The common perception of Child Maintenance is that it is meant to benefit children. Of course, children benefit best when there are two fully involved parents in their lives. Any activity that prevents that from happening can not be working in the best interest of the children.

So, it is always interesting to see the approach of MP’s and the Work and Pensions Committee when it comes to looking at the systems that are in place for supporting children.

One of the last things that was published by the previous Government prior to Parliament being dissolved for the June 2017 General Election was a report by the Work and Pensions Select Committee. This document’s more formal name is the “14th Report – Child Maintenance Service” or “HC587“.

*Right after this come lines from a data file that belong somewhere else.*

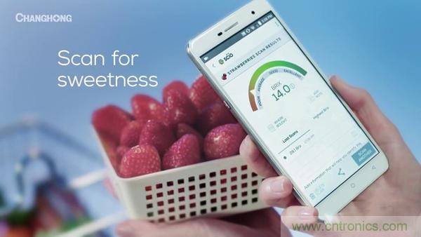合作方ADI主要為這款手機(jī)提供光譜傳感器以及相關(guān)的算法,CP公司則負(fù)責(zé)提供APP以及成分分析數(shù)據(jù)。在功能上,可以直接使用這款手機(jī)判斷分析水果中的成分、甜度等信息。此外,它還能對(duì)更多物體進(jìn)行成分分析,比如面包、肉以及藥物等。
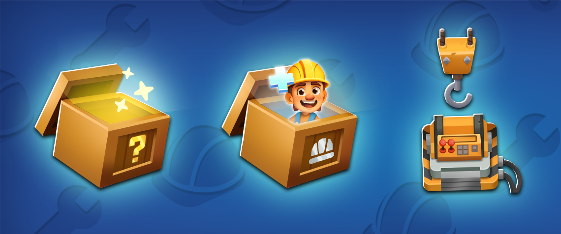 The crane increases your workforce! The timer above the crane operator indicates the time remaining to get a new worker. The crane also periodically delivers mystery boxes, which can contain resources, including new workers! These mystery boxes appear in front of the workbench from time to time.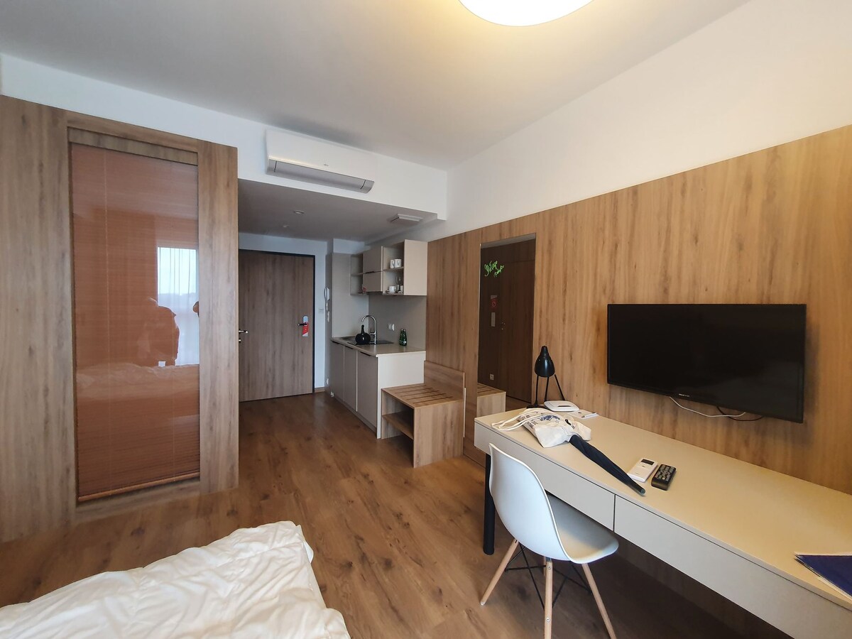 Design studio in strict Warsaw city centre, great panorama view. Fully equipped kitchen (cooker, microwave, big fridge with freezer); bathroom (bathtub, washing machine, iron, towels, shampoo); comfortable bed with linen, 600Mb wifi, cable TV and other Old Town and 23 museums, Central Railway Station - 20 min walk, Chopin Airport 25 min/taxi, Subway/buses/trams 3 min walk 24/7 check in, no additional charge. Close to 20+ restaurants, 2 grocery stores just by the door! Wheelchair friendly

The report was the result of an inquiry into the workings of the Child Maintenance Service (CMS) which is a department within the Department of Work and Pensions (DWP). The initial inquiry was quietly announced in June of 2016 with an invitation to provide evidence placed on the Work and Pensions Select Committee webpage.

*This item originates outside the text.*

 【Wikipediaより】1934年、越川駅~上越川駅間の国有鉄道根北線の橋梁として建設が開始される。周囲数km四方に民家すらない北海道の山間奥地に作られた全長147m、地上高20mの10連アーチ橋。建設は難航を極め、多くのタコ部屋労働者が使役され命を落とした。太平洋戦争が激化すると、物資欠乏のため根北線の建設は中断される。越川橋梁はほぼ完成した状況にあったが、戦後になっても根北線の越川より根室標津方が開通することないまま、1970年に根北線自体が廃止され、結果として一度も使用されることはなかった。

What was the inquiry going to look at?

The inquiry call for evidence asked for submissions to consider the following points:

  • How well is the CMS performing for children and parents? How could it be improved?
  • What problems do parents face – both for the parent with care and the non-resident parent?
  • Are levels of child maintenance set correctly?
  • What powers does the CMS have and how effectively are they used? How effective is enforcement action?
  • What will happen to CSA arrears or unresolved cases when parents move to the new CMS?
  • How might the CMS deal with any weaknesses or loopholes in the old CSA system?
  • Are there any opportunities for Government departments to work together to ensure regular payment?
  • Is there any international evidence on ways of ensuring parents regularly contribute to their children’s maintenance payments?

So, on the face of it the inquiry appeared as if it was going to look broadly at a number of issues relating to the operation of the CMS. We are sure that this would have been welcome news to both receiving and paying parents alike. The CMS (which is really just a re-badged CSA) has been widely criticised for incorrect calculations, rude and unhelpful staff and a heavy handed approach with parents who are trying to provide for their children.

Evidence was provided to the inquiry from a wide range of sources and included 71 submissions from individuals. Both paying parents and receiving parents were unhappy about the quality of the service they were exposed to.

Here are some of the quotes from the submitted evidence.

“(I) have thorough experience of being lied to down the phone and given false information”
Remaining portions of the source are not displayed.